Detroit’s assessor, Alvin Horhn, said that the report’s methodology is flawed. Among several criticisms, he wrote by email to Detour that “the statistical analysis misses the variation in Detroit neighborhoods.” In other words, taxes are consistent within neighborhoods. 

Berry has heard the city make that argument before, but thinks it’s a bad one. “If you wanted to hide the problem, you’d assess taxes neighborhood by neighborhood,” he told Detour. 

While homes within each neighborhood might be similar, he argues, the differences between them are the problem. The poor neighborhoods are being taxed too much, while the wealthy ones aren’t being taxed enough.

Questions about fairness in tax assessments have created tension in negotiations between City Council and Mayor Mike Duggan about whether and how much to compensate Detroiters who were overassessed. The mayor proposed modest benefits in the form of job opportunities and priority in affordable housing units, which would cost the city an estimated $6 million. 

But that plan was voted down by Council, in part because it would only apply to Detroit residents who owned homes prior to 2014. If the Center for Municipal Finance’s report is right, many homeowners were still being overtaxed in following years. 

“Why does the mayor want to provide compensation only through 2013?” Atuahene said. “Because he came to office in 2014, and then he can say that he cleaned up the problem. It’s a lie and there’s no pretty way to put it.”

Atuahene said that the coalition is not looking for a specific amount in reparations, but rather “the restoration of dignity.”

“If I take something from you as part of a larger strategy, then I’ve taken your dignity,” she said. “Restoring material goods isn’t enough — a larger remedy is required.”

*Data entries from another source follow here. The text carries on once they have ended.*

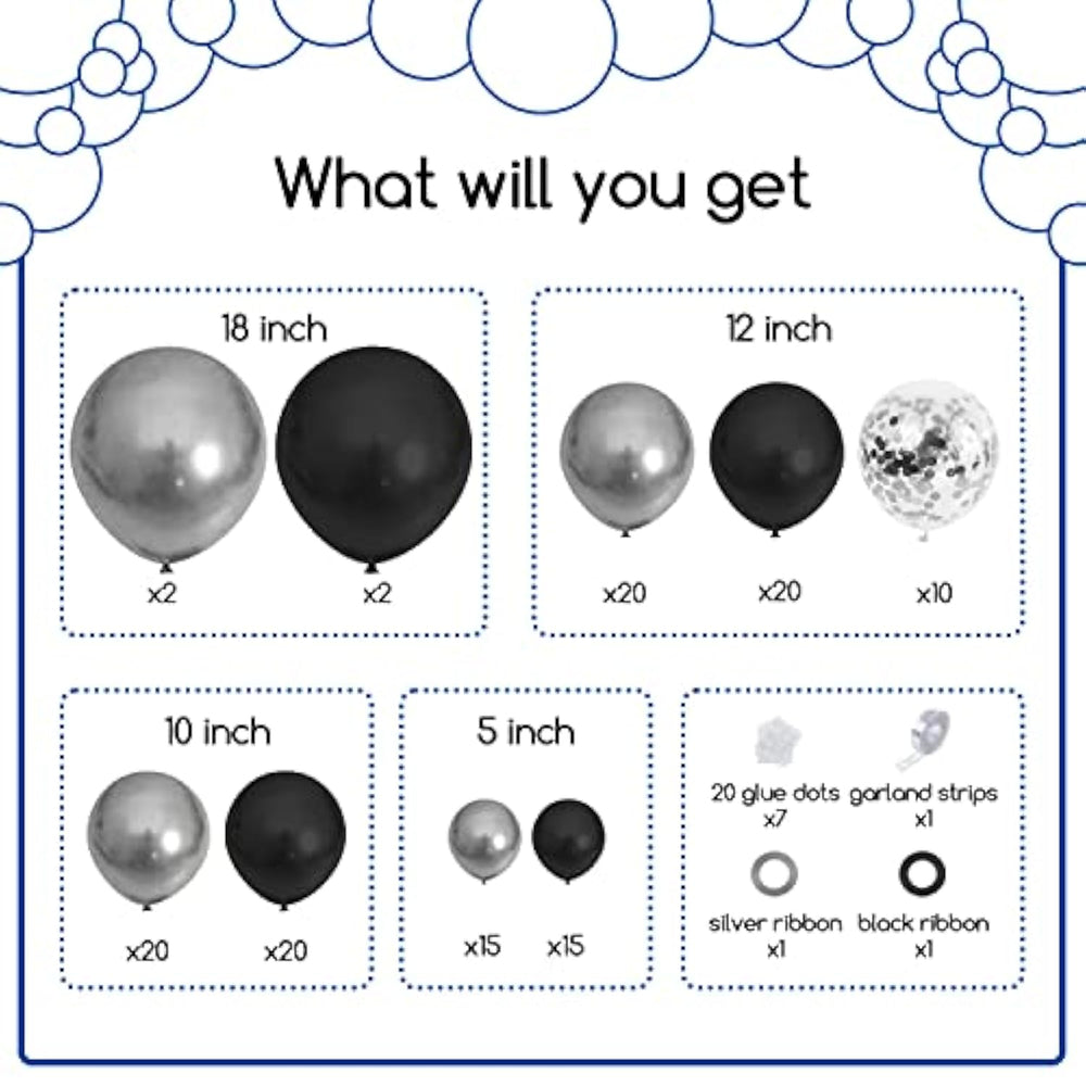 This 124-piece black and silver balloon garland kit includes a variety of balloon sizes, silver confetti balloons, garland strip, glue dots, and ribbons—everything you need to create a stunning arch or backdrop. Made from high-quality, non-toxic latex, the balloons are durable and can be filled with air or helium. The black and silver color scheme adds elegance and sophistication, making it ideal for weddings, birthdays, graduations, engagements, baby showers, and more. Easy to assemble with included tools, it’s perfect for creative DIY party decor.
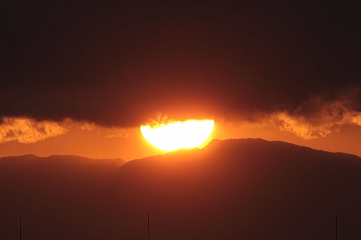 2月05日の日没です♪ 今日の日没は何というか、 とても荒々しく劇的に感じました
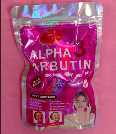 Ingrédients : palmate de sodium, palmiste de sodium, cocoate de coco, parfum, dioxyde de titane, glycérine, poudre d’élite, EDTA, rétinol, alpha-arbutine.
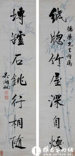 | -- 作者:雾雨 -- 发布时间:2013/7/11 8:34:27 -- 吴湖帆手绘翠竹笺本对联
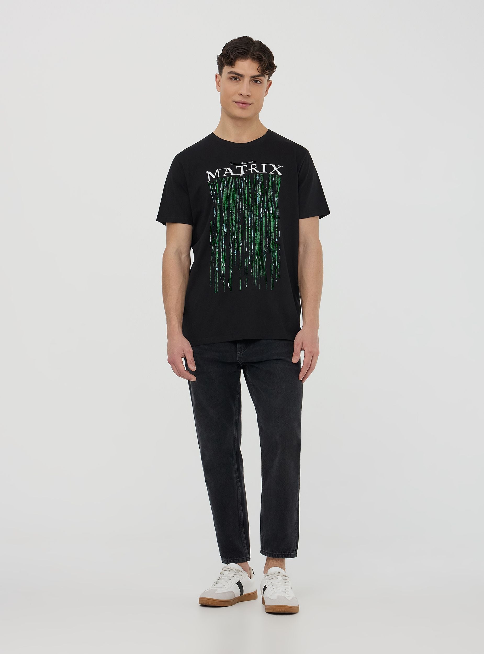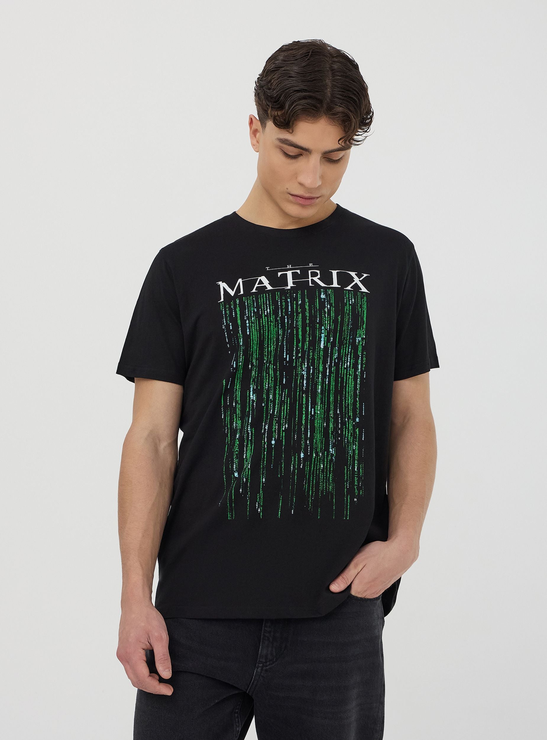 Perfect men's t-shirt for cinema and science fiction enthusiasts. The design features short sleeves and a crew neck for optimal comfort, while the Matrix® print evokes the iconic green digital code, symbol of the famous saga. Ideal for casual looks with jeans and sneakers or for streetwear outfits with a geek touch. A must-have for those who love urban style and graphics inspired by the world of science fiction.Details
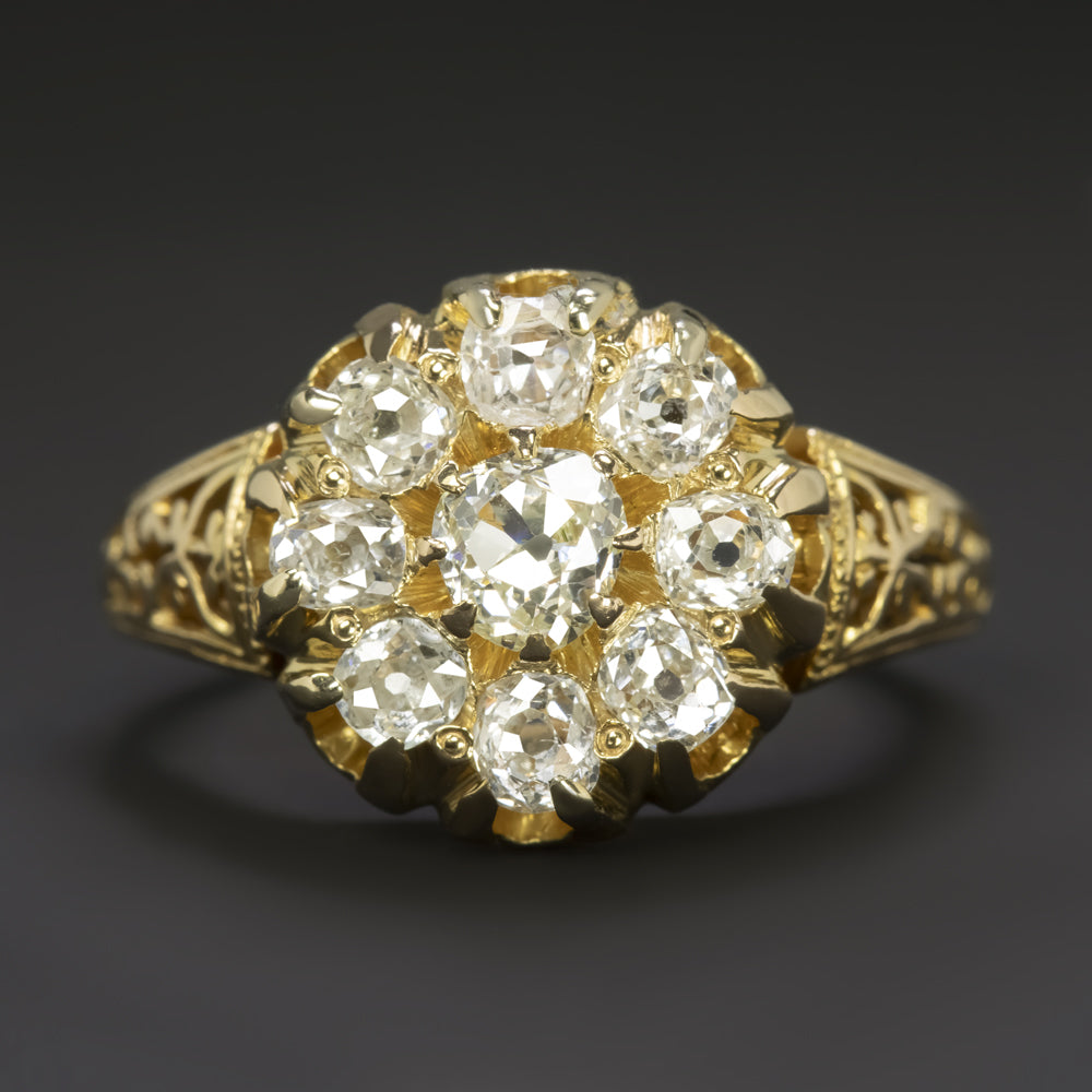 VICTORIAN DIAMOND CLUSTER RING ANTIQUE OLD MINE CUT 6.7gm 18k YELLOW GOLD ESTATE

On a practical level, the coalition is asking for affected families to determine how they’re made whole by including them in the decision-making process. The group will be outlining its demands at an event, #BlackHomesMatter, on Wednesday, Jan. 13 that will include speakers like U.S. Congresswoman Rashida Tlaib and Dr. Cornel West.

The city says that it can’t afford anything more than the proposed $6 million. The COVID-19 pandemic has resulted in a $410 million revenue shortfall, severely straining the city’s budget. 

It’s unclear when this issue will be picked back up again. But the coalition does have some strong advocates in Council, including President Pro Tem Mary Sheffield, who wrote in an October op-ed that “I, along with the Coalition for Property Tax Justice, am committed to fully restoring the dignity of those affected and, even in the midst of Detroit’s budget constraints, ensuring Detroit homeowners are made whole financially.”

Horhn also said the city has made it easier to deal with inflated appraisals on a case-by-case basis. “All it takes to start the appeals process is a letter, an email, or a phone call,” he wrote. 

That’s what Lutz Robinet did. Over the years, her home’s taxable value has gone down. But a recent appraisal of $14,000 still seemed too high. So in 2019 she appealed and got her home reappraised to $9,500 — her tax bill is now $874. 

Aaron Mondry is the editor of The Dig and a reporter who covers development, housing, architecture, real estate and land use in Detroit. He was previously the editor of Curbed Detroit.